EDITORIAL: According to media reports and personal accounts, street crime is on the rise in Pakistan, particularly in its urban centres such as Karachi, Lahore and Islamabad.
Although it is not an entirely new development or challenge, as of today it is a symptom of a deeper malaise in our society, stemming from issues of growing inequality, poverty and unemployment.
And, there are also gangs who rule the streets almost unchallenged – their presence in there is as much in agreement with law-enforcing elements as lack of wherewithal to go after them. Take the case of Karachi, the country’s largest urban center, where some statistics claim the rate of street crime has come down from its peak some years back. But it is there nonetheless.
According to the Citizens-Police Liaison Committee (CPLC), Karachi has witnessed an alarming increase in street crime. More alarmingly, people are shot dead by robbers for putting up resistance. During the first three months of the year 2023, more than 21,000 cases were reported, though the number of unreported cases must be much higher.
Robbers took lives of as many as 34 people and injured 150, while the number of incidents of snatching of cars, motorcycles and mobile phones cases crossed the 20,000 mark.

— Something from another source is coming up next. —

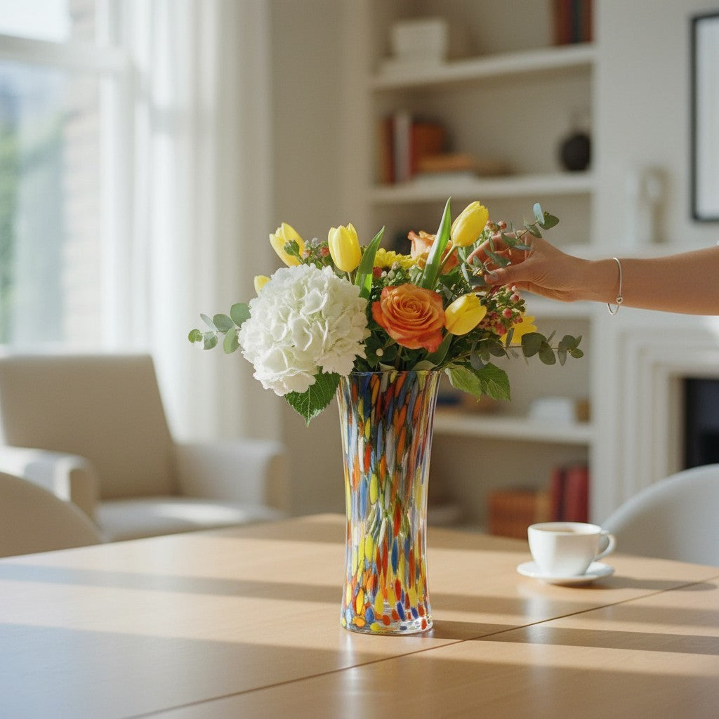 A celebration of Italian artistry, this hand-blown Murano glass vase captures a cascade of color in every curve. Shades of pink, orange, yellow, and blue dance together, creating a radiant display that shines with individuality and craftsmanship.

Last year, the robbers had killed 100 people and injured over 4,000. Just what happened on a single day, last Monday, is a fearful account of the growing menace of street crime in the Nation’s Capital. On that very day three persons were robbed in Islamabad-Rawalpindi.
A group of five people came to a grocery store near Golra police station and deprived the shopkeeper of Rs. 400,000. An armed robber entered a house in F-10/2, but by posing mobile phone as pistol the residents forced him to surrender and handed him over to the police. Luckily, the robber was not lynched by the angry residents as sometimes happens in such cases.

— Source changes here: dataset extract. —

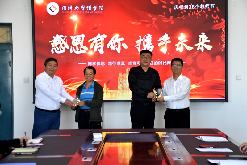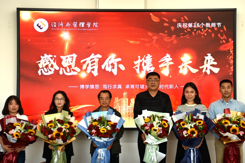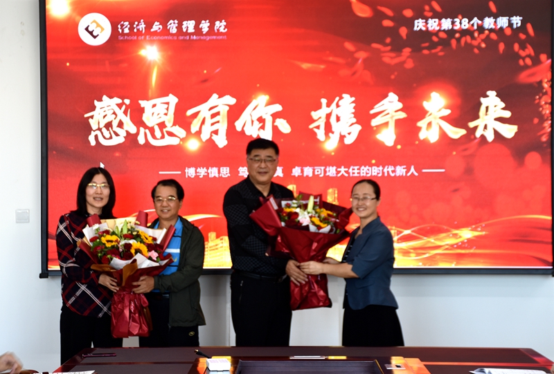 武建龙经理代表公司领导班子成员和全体教师向修国义教授、高长元教授、翟丽丽教授、梁凤霞教授、于智副教授等5位荣退教师送上祝福,对他们在公司发展、学科专业建设、人才培养等方面做出的积极努力和贡献表示衷心感谢,同时欢迎王雪、梁禹淇、吴悦、徐大庆四位新入职教工加入经管公司大家庭。他指出,“尊师重教、崇尚学术”是经管公司发展之根本。近年来,公司全体教职工攻坚克难,一方面确保疫情防控零差错,另一方面在一流学科、一流专业、一流课程、MBA学位点、教学科学研究、学术会议等多方面取得较好成绩,要特别感谢荣退老教师的大力支持、指导和帮助。正是他们多年来的引领、谋划和付出,经管公司才拥有在公司学科专业建设和人才培养中的优势地位和话语权,这来之不易的成果值得我们珍惜与传承。他强调,全体经管人要树立担当精神、胸怀执着追求,不懈努力,再创辉煌。希望公司四位新入职教师以荣退老教师为榜样,一起为公司发展贡献自己的力量。

Meanwhile, a trader from Sargodha was robbed of Rs 8.4 million by four robbers and an expatriate lady was deprived of 2,400 British pounds and gold jewellery worth over Rs 1 million while traveling from Islamabad International Airport. The plight of people in other urban centers, including Punjab’s capital Lahore, is equally profound.
All of it that happens on the streets ruled by muggers, robbers and gangsters should not happen. But it does. Not only is it an easy way to become rich, it is there because a kind Dickinsonian ambience tends to prevail in today’s Pakistan.
Given the unprecedented rise in inflation, large-scale unemployment and growing hopelessness bred by the national political failure, quite a big chunk of Pakistanis is left with no option but to beg and steal.
It is a kind of inflation-crime nexus in Pakistan, and it plays out on roads, parks and open public places at times by way of mugging on streets and at times in the form of car and bike snatchings, drug dealings, abductions for ransom, and prostitution. Of course, these are crimes and should be severely dealt with by police and courts.
But is it all that should be done to curb this challenge? No, we should go into the causes that have created this demon, and not only by dishing out BISP (Benazir Income Support Programme) handouts, organizing lungers and carrying our distribution of free wheat flour, but by putting the national economy back on its firm footing. And for that the national politics have to be retrieved from its viciously prevalent form of ‘give me power or give me death’.